But for some use cases, that might not be enough horsepower. For those, Nvidia showed off the DGX-2, the first server to use the NVSwitch innovation to bring 16 GPUs of power to a single, unified memory space. This new server is about 2x the physical size of the DGX-1, but Nvidia claims it has about 10x the processing power.
During his keynote, Huang showed the time taken to train the FAIRSeq neural machine translation model with DGX-2 and DGX-1, and it revealed the model completed in two days with DGX-2 versus about three weeks with DGX-1. The price point of the DGX-2 will be $399,000, which seems very reasonable given this single box would replace racks of servers that use traditional CPUs.
Why CIOs should care: For those at the high end of the deep learning market, DGX-2 will do things exponentially faster than DGX-1. Given how competitive the world is, completing things in days versus weeks means those expensive data scientists will spend more time analyzing and less time waiting for tasks to finish.
Kubernetes containers orchestration on Nvidia GPUs
This announcement might have the broadest industry impact on AI and deep learning, as Kubernetes support significantly simplifies the deployment of AI models in hybrid cloud environments. The idea is that cloud-based containers can be used for burst capacity or for resiliency.
The best way to understand it is by explaining the demonstration the company did. It started by showing images of flowers being analyzed by a CPU and then a GPU — with the GPU obviously being faster. Then it applied the images to eight GPUs, and the rate of analysis picked up. The demo then disconnected from a cluster because of load, which caused the Kubernetes controller to dynamically spin up four new nodes in the Amazon Web Services (AWS) cloud and automatically load balance across them — all in real time — and the images were being processed at an accelerated rate.
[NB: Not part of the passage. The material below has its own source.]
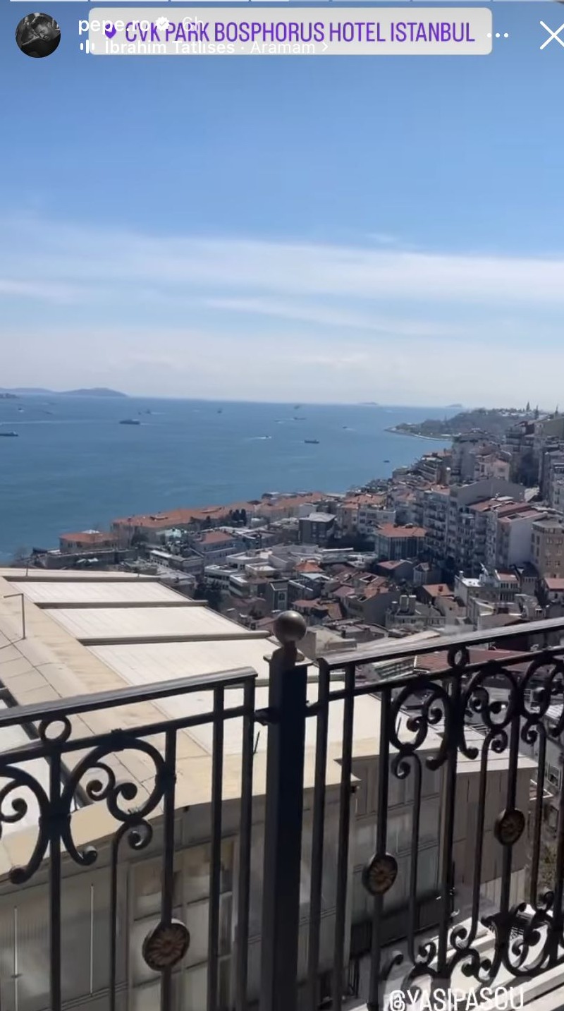 Cu doar câteva ore în urmă, Pepe a postat în mediul online imagini în care se afla alături de soția sa. Cei doi au fost luați direct de la aeroportul din Istanbul cu o mașină dotată cu fel și fel de gustări, de care tânăra mămică s-a bucurat în drum spre hotel. Buchetul de flori a fost nelipsit, iar camera de hotel s-a prezentat în aceeași notă, decorată într-un stil romantic, cu vedere la mare, totul de un confort sporit.

Kubernetes is now GPU-aware, and Docker containers are CPU-accelerated. One final note, this feature works on Kubernetes on premises or in a managed container service such as AWS EKS.
Why CIOs should care: The value of being able to leverage hybrid clouds for things like AI can’t be understated. Containers are the ideal environment for a distributed machine and deep learning-based workloads and model training, as they can be spun up on demand. IT leaders can work with data science teams and create highly agile environments without breaking the bank.
From an enterprise IT perspective, these were the announcements I thought were worth calling out. But for people with a deeper interest in AI, there were other cool announcements, such as the Isaac robot simulator being made available publicly, RTX ray tracing technology, and Project Clara, a dedicated supercomputer for the healthcare industry — but these are certainly more specialized.
Final note: Huang is one of the most passionate and inspirational people I have ever met with respect to how AI will change the way we work and the way we live. Given the recent accidents with Uber and Tesla, some skeptics wonder whether AI is good for us. The fact is, machines can connect the dots hidden in data better than people can. And the more data we have, the more we need machines to do that.
The key is to think about how machines can be used to improve our lives. For example, Huang was very clear that there’s a tremendous amount of value with self-driving cars, but initially cars should assist the driver and make driving safer. For example, the car can study the driver and know when he or she is falling asleep or if the person has had their eyes off the road too long and make a noise to alert the driver or stop operations altogether.
The world is changing fast, and CIOs need to be prepared for this and embrace and accept change by considering what’s possible.